▶ What is being asked
Beginning with the line containing "Tem feriado novo" and ending with the line containing "The atoll has", write out each line of the records below exactly; pictures and lines outside that range are left out.

▶ Record set
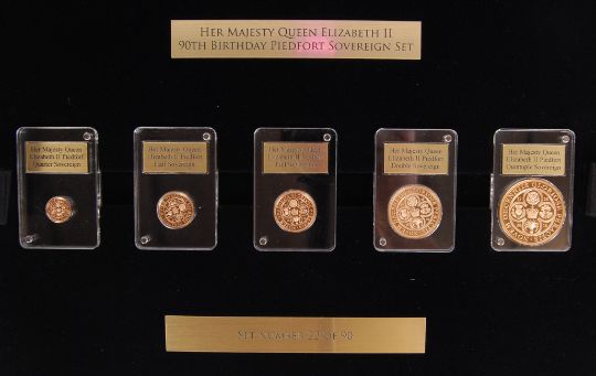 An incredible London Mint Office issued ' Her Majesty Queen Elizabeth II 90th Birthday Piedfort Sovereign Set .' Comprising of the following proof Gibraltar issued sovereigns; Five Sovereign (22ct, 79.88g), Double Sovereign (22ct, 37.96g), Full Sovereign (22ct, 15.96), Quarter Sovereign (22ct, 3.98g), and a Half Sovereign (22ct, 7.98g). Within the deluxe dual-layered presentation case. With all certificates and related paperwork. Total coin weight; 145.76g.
--
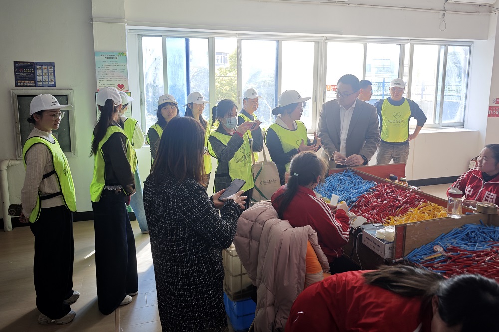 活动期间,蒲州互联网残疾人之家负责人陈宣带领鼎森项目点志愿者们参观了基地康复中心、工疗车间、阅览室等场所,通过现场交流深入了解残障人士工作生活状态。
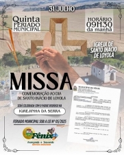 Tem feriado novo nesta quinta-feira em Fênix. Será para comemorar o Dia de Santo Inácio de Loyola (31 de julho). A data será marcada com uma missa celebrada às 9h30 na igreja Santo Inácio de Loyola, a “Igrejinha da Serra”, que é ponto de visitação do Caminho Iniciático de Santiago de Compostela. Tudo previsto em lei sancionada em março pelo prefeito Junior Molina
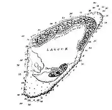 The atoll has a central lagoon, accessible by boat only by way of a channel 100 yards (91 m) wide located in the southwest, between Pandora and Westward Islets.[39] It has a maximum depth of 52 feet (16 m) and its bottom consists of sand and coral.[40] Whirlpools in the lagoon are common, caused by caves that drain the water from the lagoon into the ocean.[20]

▶ Answer to the problem
 Tem feriado novo nesta quinta-feira em Fênix. Será para comemorar o Dia de Santo Inácio de Loyola (31 de julho). A data será marcada com uma missa celebrada às 9h30 na igreja Santo Inácio de Loyola, a “Igrejinha da Serra”, que é ponto de visitação do Caminho Iniciático de Santiago de Compostela. Tudo previsto em lei sancionada em março pelo prefeito Junior Molina
 The atoll has a central lagoon, accessible by boat only by way of a channel 100 yards (91 m) wide located in the southwest, between Pandora and Westward Islets.[39] It has a maximum depth of 52 feet (16 m) and its bottom consists of sand and coral.[40] Whirlpools in the lagoon are common, caused by caves that drain the water from the lagoon into the ocean.[20]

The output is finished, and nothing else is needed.